For i=1, the invariant is respected: in the first iteration, we check the f(D(i)) and d(D(i)). Since we assume that in t(0) the community definition holds, we can move on to the other iterations.

Maintenance

For i=k, given 1≤kn−1, without the loss of generality we take Dm as the dataset currently handled. There are four possible cases for this kth iteration that we can generalize into two cases:

  • f(D(k))−(f(Dm(k))−f(Dm(k+1)))<T(f(D)) or d(D(k))−(d(Dm(k))−d(Dm(k+1)))<T(d(D)) meaning T was breached and the definition of a community no longer holds, which cause in returning false.

  • f(D(k))−(f(Dm(k))−f(Dm(k+1)))≥T(f(D)) and d(D(k))−(d(Dm(k))−d(Dm(k+1)))≥T(d(D)) meaning T was not breached and the definition of a community holds, which cause in returning true. Thus the invariant is preserved.

Termination

At the last iteration, given i=n, the two options above are the same for Dn, meaning in each of the two options we get the answer whether T was breached or not, giving us a definitive result about the definition of a community.

More results of the algorithm

More results are shown in Table 3, in which we see see at every point the change effecting or not effecting T. The results are organized by different time-stamps, and are a continuance of the case-study shown in Figs. 4, 5 and 6.

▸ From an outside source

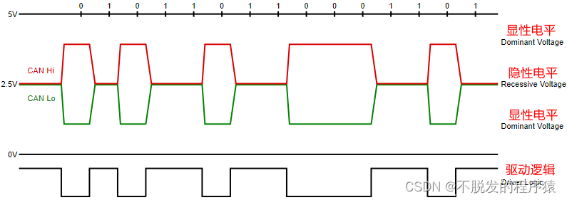 在CAN总线上,CAN信号由CAN_H和CAN_L线之间的电压差表示。CAN 总线上的电位差分为显性电平(Dominant Voltage)和隐性电平(Recessive Voltage),其中,显而易见的电解是逻辑的0,无形电解体是逻辑的1。

Table 3 Dynamic community definition for an LDD graph

Conclusions and future work

In this paper we presented a new approach for managing real-life applications using the methods presented in monitoring LDD graphs problems. The first one is the geographic applications, for which the problem being monitored is the fastest path from a source vertex to a target vertex. The second application is the smart city OSNs, in which the problem being monitored is the definition of a community established by a certain criteria of graph attributes. The different meanings of the threshold T for the aforementioned application were studied, and their interesting experimental results were shown, along with efficient monitoring algorithms that can handle them. The algorithms correctness and completeness were proven, and their complexities were analyzed. An interesting juxtaposition can be done with our model and a proposed approach applied to a real-case big network of Wang et al. (2018), that applies a deep learning perspective to a connected traffic flow prediction. While the traffic flow prediction smartly intertwines efficient learning algorithms, the un-distributed network still has a high latency and overhead in comparison with our distributed network model, that needs less data to discover important features and breaches of them in the network. Delving more into the problem of Monitoring Large Dynamic graphs can yield even more interesting results, or even more possible applications especially the ones that involve handling non-trivial graphs such as directed graphs, weighted graphs, graphs with nodes that contain different attributes, and combinations of these aspects. A particularly interesting geographic application that we are currently developing is an algorithm for finding the fastest path in a distributed graph, that takes into consideration the future locations of traffic in the path, by using the graph multi-coloring method for scheduled connections shown in Bampas et al. (2015). OSN’s have even much more possible applications required in this field, such as security and access issues, communal popularity assessments, and fluid user networks. In this smart city OSN field we are currently developing access-control and information flow-control models, that use the distributed graph application presented in this paper. All of these subjects are currently being progressed.